Although major depressive disorder (MDD) and migraine often present together, their comorbidity mechanisms are complex. This study aims to identify potential biomarkers and common mechanisms of MDD-migraine through neuroimmune microenvironment and transcriptome data, which is crucial for understanding its pathogenesis and developing diagnostic and treatment strategies.

Methods

We constructed a dynamic atlas of neural-peripheral immune cells in patients experiencing a MDD-migraine comorbidity. Differentially expressed genes (DEGs) were identified and performed functional enrichment and metabolic analyses of cell types involved in MDD and migraine. Multiple classification models were built by combining single-nucleus RNA sequencing and transcriptome data from patients with MDD to screen hub genes. In addition, cluster, cell communication, and trajectory analyses of major cell types in migraine were performed. Finally, common pathways in MDD-migraine comorbidity were identified.

Results

We identified 60,982 and 22, 523 cells in patients with MDD and migraine, respectively.
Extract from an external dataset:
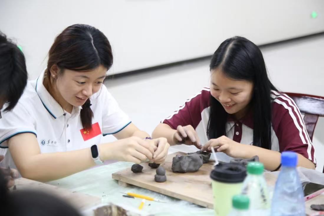 實(shí)踐隊(duì)充分發(fā)揮體育人優(yōu)良品德,將團(tuán)隊(duì)協(xié)作、追求卓越等體育精神內(nèi)核融入美育實(shí)踐;顒(dòng)伊始,美術(shù)館專業(yè)講解員帶領(lǐng)學(xué)員們賞析經(jīng)典書畫作品,通過“藝術(shù)小講堂”生動(dòng)解讀中國(guó)陶瓷文化的歷史脈絡(luò)與工藝精髓,并結(jié)合趣味有獎(jiǎng)競(jìng)答激發(fā)學(xué)習(xí)熱情。在陶藝制作環(huán)節(jié),專業(yè)教師現(xiàn)場(chǎng)演示非遺“泥條盤筑法”技藝,實(shí)踐隊(duì)員采用分組教學(xué)法指導(dǎo)學(xué)員完成創(chuàng)作,將體育中的集體觀念、規(guī)則意識(shí)、目標(biāo)管理融入創(chuàng)作過程,促進(jìn)學(xué)生發(fā)展集體榮譽(yù)感和責(zé)任意識(shí)。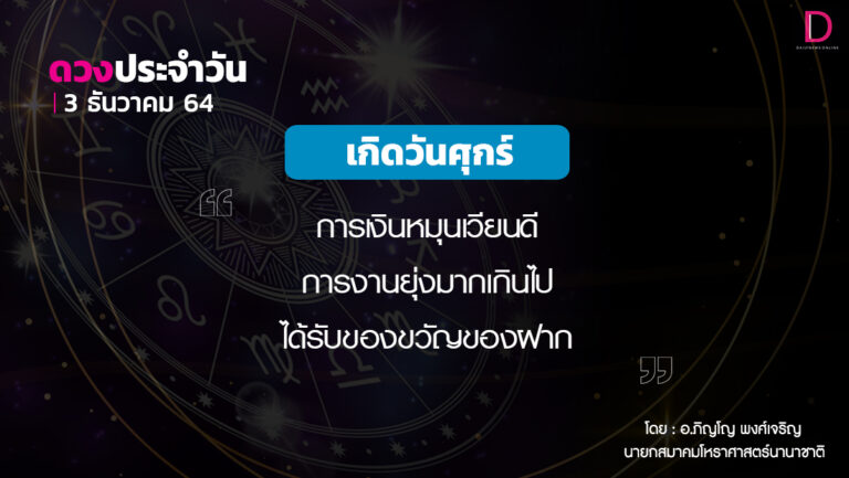 เช็กดวงประจำวันที่ 3 ธันวาคม 2564

The proportions of oligodendrocytes and excitatory neurons were increased in the MDD group, while that of T cells was significantly increased in the migraine group. DEGs in the MDD and migraine cell types were associated with Rap1 signaling. Metabolic reprogramming was found to involve in the pathological processes of MDD and migraine. Six hub genes were screened using the optimal model: AHI1, NRCAM, PTMA, RABGAP1L, RPL15, and RPL41. T cells were the major cell subpopulation in migraine, and Naive T cells were the starting point of differentiation. Finally, eight common pathways were identified between MDD and migraine.

Conclusion

This study provides new insights into the pathogenesis of MDD-migraine comorbidity suggesting that the identified key genes and signaling pathways may provide potential targets for the early diagnosis and treatment of the disease.